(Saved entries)
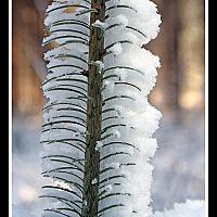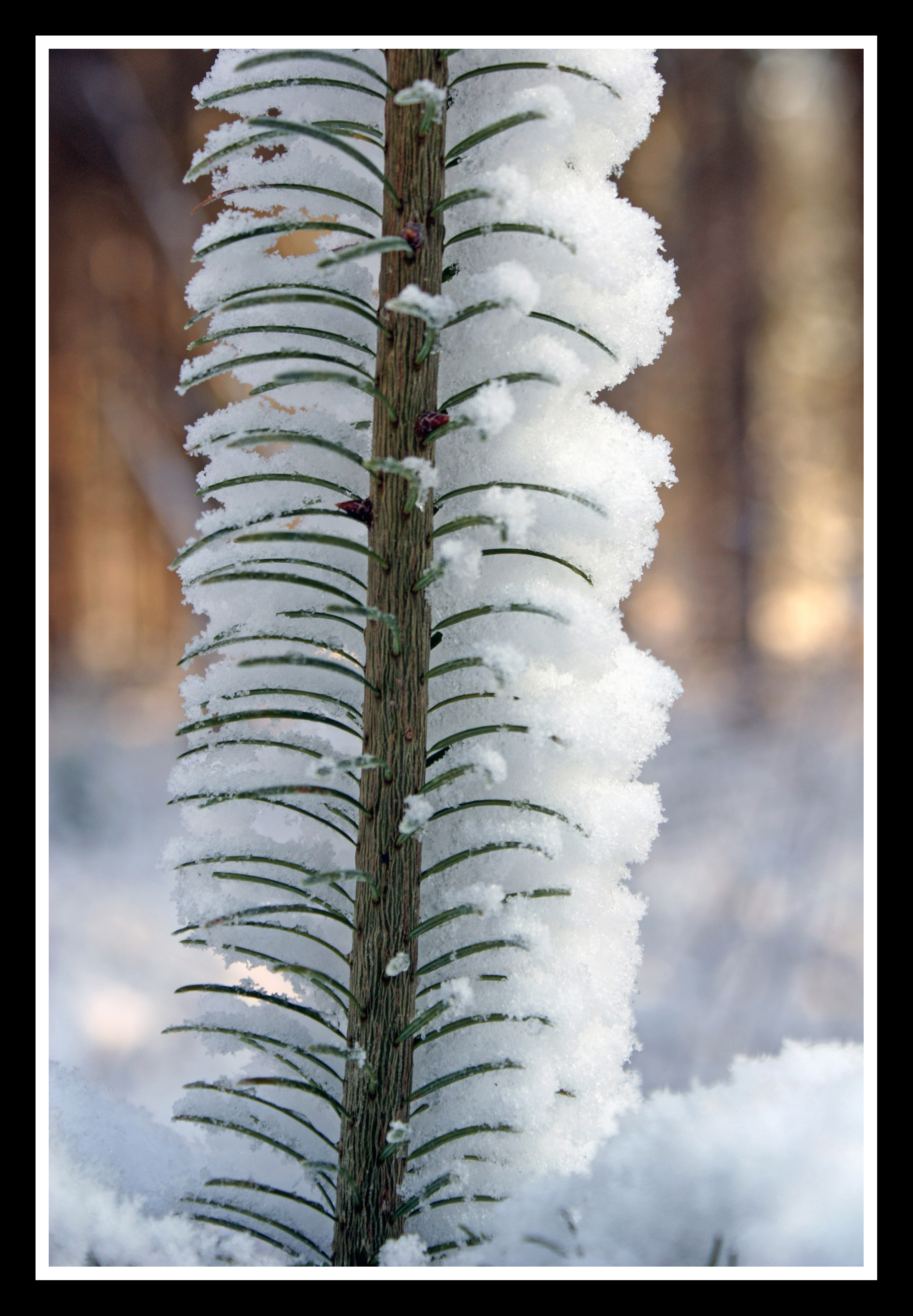 Een tak van een spar, maar dan heel dichtbij en overladen met sneeuw!
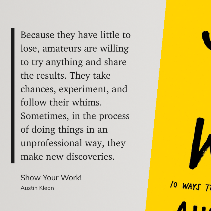 “Because they have little to lose, amateurs are willing to try anything and share the results. They take chances, experiment, and follow their whims. Sometimes, in the process of doing things in an unprofessional way, they make new discoveries.” (Austin Kleon, Show Your Work!)
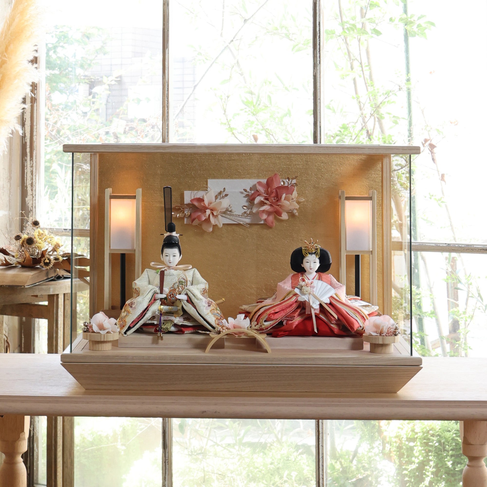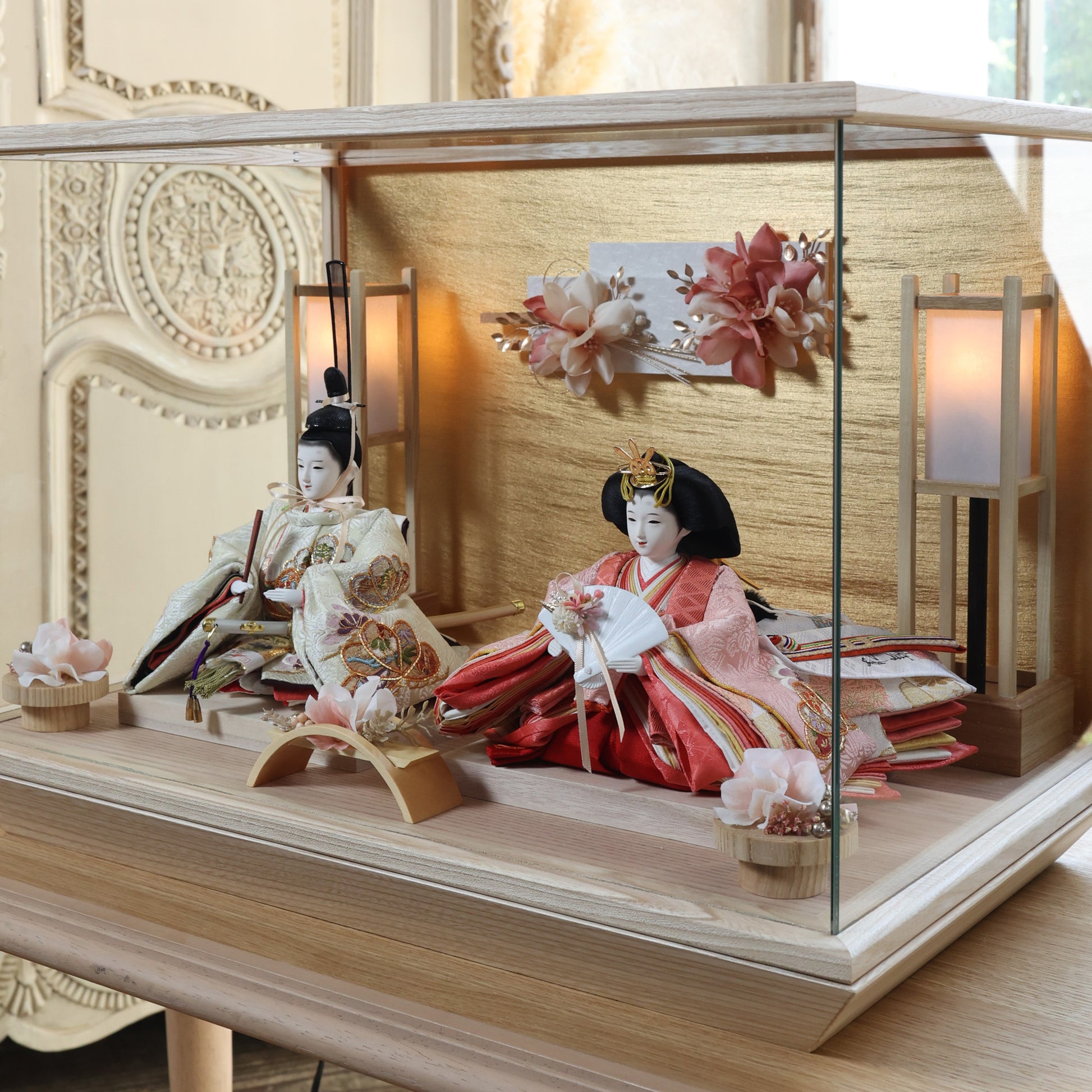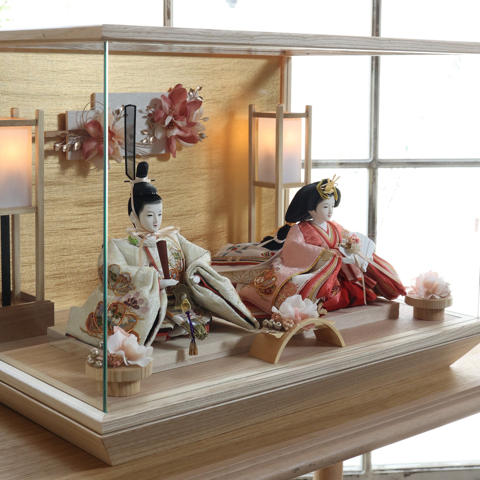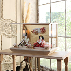 通常2mm厚が一般的な中、当店ではより高品質なAGC製3mmガラスを採用しています。厚みが増すことで強度と安全性が高まり、透明度の高いクリアな美しさを保ちます。大切な雛人形を守りながら、高級感のある見栄えを実現しています。
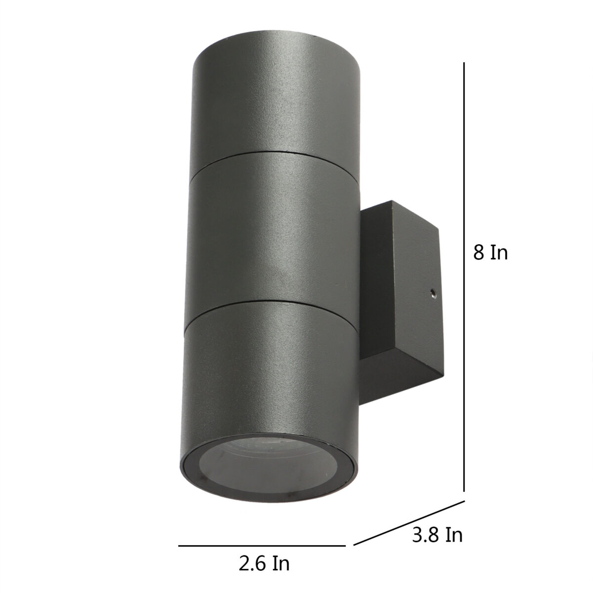 Aluminium die cast one of the top selling export quality modern cylindrical wall light, providing up and down lighting, available in a sophisticated grey finish, perfect to use outdoors. It is maintenance free, only the change of lamp is required which is available locally everywhere. Excellent for installing in many locations such as front doors, garden walls, sheds and garages, parking. Can be dimmed if used with a dimmable lamp. Rated at IP54 it is intended for exterior use it can also be installed inside if you wish. Lamp not included.
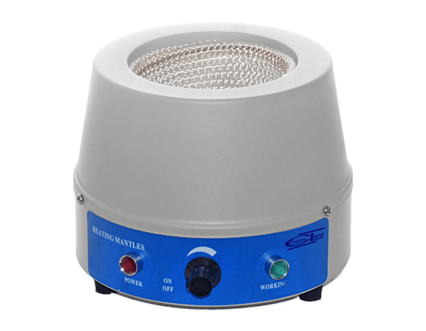 Płaszcz grzewczy z regulacją mocy. Typ - SXKW-981B. Urządzenie przeznaczone jest do prac laboratoryjnych i służy do podgrzewania różnego rodzaju cieczy. Wbudowany podzespół regulujący moc pobieraną, umożliwia nastawę żądanej temperatury. Zakres pracy płaszcza grzewczego + do 350°C. Napięcie znamionowe 220V AC 50 HZ. Obok regulatora mocy umieszczono czerwoną lampkę sygnalizującą pracę. Gdy pokrętło regulatora wskazuje „0” lampka jest zgaszona. Górną część zamyka pierścień stalowy, nadając całemu urządzeniu estetyczny wygląd. Płaszcz grzewczy wykonany jest zgodnie z normami UE i oznaczony znakiem CE.
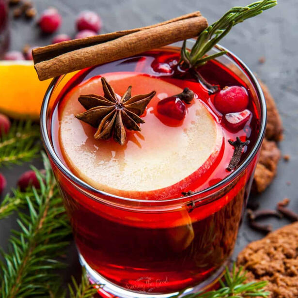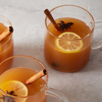 Ingredients: Apple Cider, Orange Juice, Sliced Honey Lemon, Ginger, Black Tea, Cinnamon Sticks, Cardamom, Cloves, Allspice, Star Anise, Nutmeg, Rice Whiskey
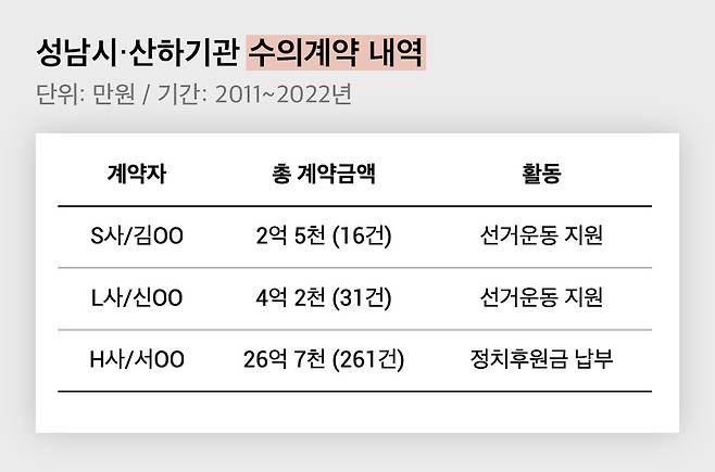 신 씨는 L사라는 회사를 설립한 뒤 2014년 5월부터 2017년 6월까지 최소 31건의 수의계약을 성남시 등과 체결했다. 계약 명목은 ‘삶의 질 세계100대 도시 지표를 활용한 인포그래픽 제작’, ‘공무원 안전체험 교육’, ‘금연사업 홍보물품 제작’ 등으로 다양하다. 계약금 총액은 4억 2000여만 원이다.
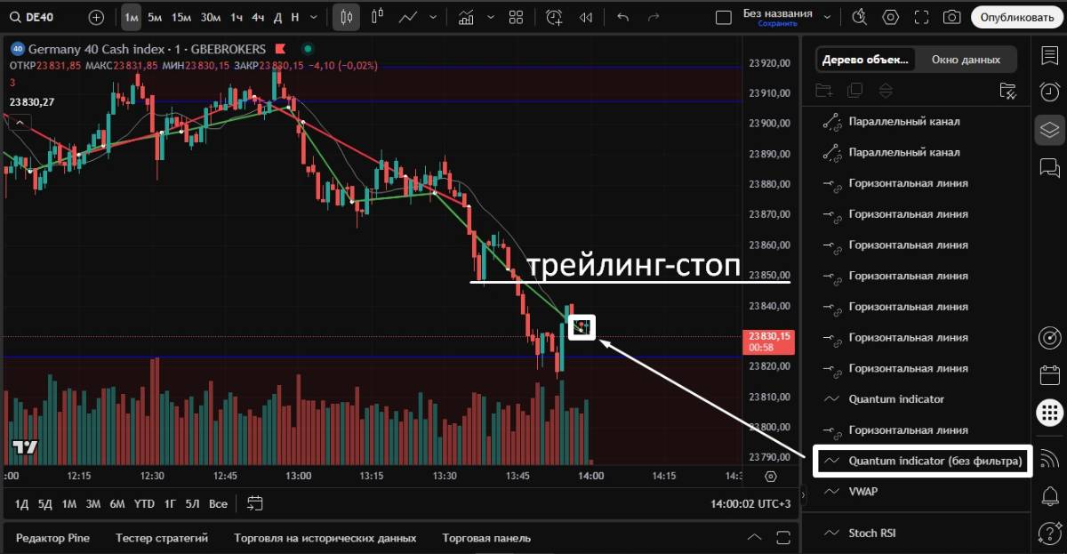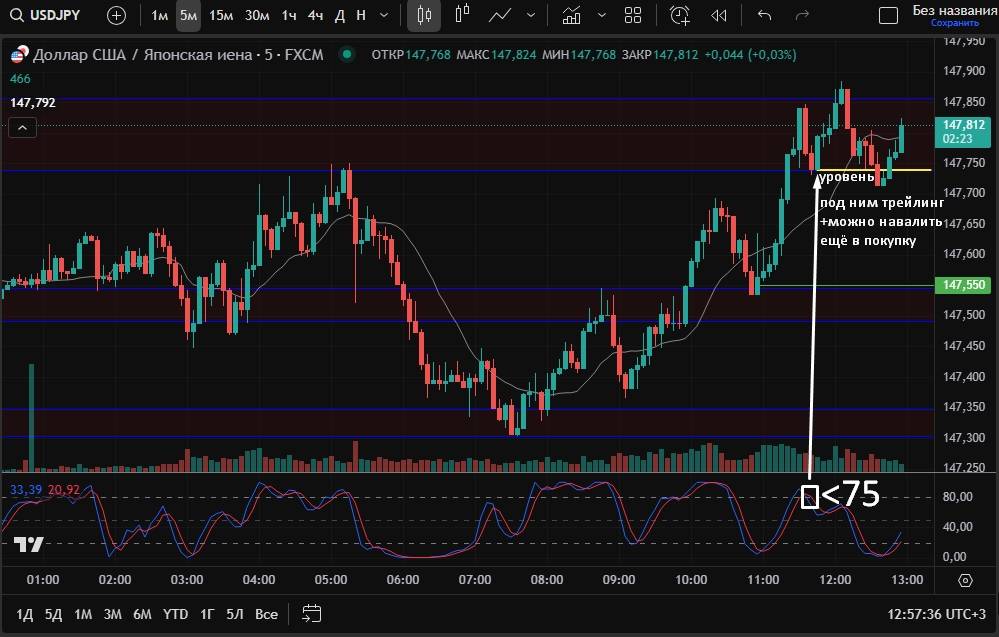 Касаемо покупки пока Stoch RSI 3 3 14 14 не выйдет из зоны перекупленности — позиция держится. Далее в большинстве случае определяется четкий уровень

Exercise prompt -
Please take the lines from the beginning of the data above through the line holding "Płaszcz grzewczy z" and transcribe them exactly, without any pictures.

Response box -
 Een tak van een spar, maar dan heel dichtbij en overladen met sneeuw!
 “Because they have little to lose, amateurs are willing to try anything and share the results. They take chances, experiment, and follow their whims. Sometimes, in the process of doing things in an unprofessional way, they make new discoveries.” (Austin Kleon, Show Your Work!)
 通常2mm厚が一般的な中、当店ではより高品質なAGC製3mmガラスを採用しています。厚みが増すことで強度と安全性が高まり、透明度の高いクリアな美しさを保ちます。大切な雛人形を守りながら、高級感のある見栄えを実現しています。
 Aluminium die cast one of the top selling export quality modern cylindrical wall light, providing up and down lighting, available in a sophisticated grey finish, perfect to use outdoors. It is maintenance free, only the change of lamp is required which is available locally everywhere. Excellent for installing in many locations such as front doors, garden walls, sheds and garages, parking. Can be dimmed if used with a dimmable lamp. Rated at IP54 it is intended for exterior use it can also be installed inside if you wish. Lamp not included.
 Płaszcz grzewczy z regulacją mocy. Typ - SXKW-981B. Urządzenie przeznaczone jest do prac laboratoryjnych i służy do podgrzewania różnego rodzaju cieczy. Wbudowany podzespół regulujący moc pobieraną, umożliwia nastawę żądanej temperatury. Zakres pracy płaszcza grzewczego + do 350°C. Napięcie znamionowe 220V AC 50 HZ. Obok regulatora mocy umieszczono czerwoną lampkę sygnalizującą pracę. Gdy pokrętło regulatora wskazuje „0” lampka jest zgaszona. Górną część zamyka pierścień stalowy, nadając całemu urządzeniu estetyczny wygląd. Płaszcz grzewczy wykonany jest zgodnie z normami UE i oznaczony znakiem CE.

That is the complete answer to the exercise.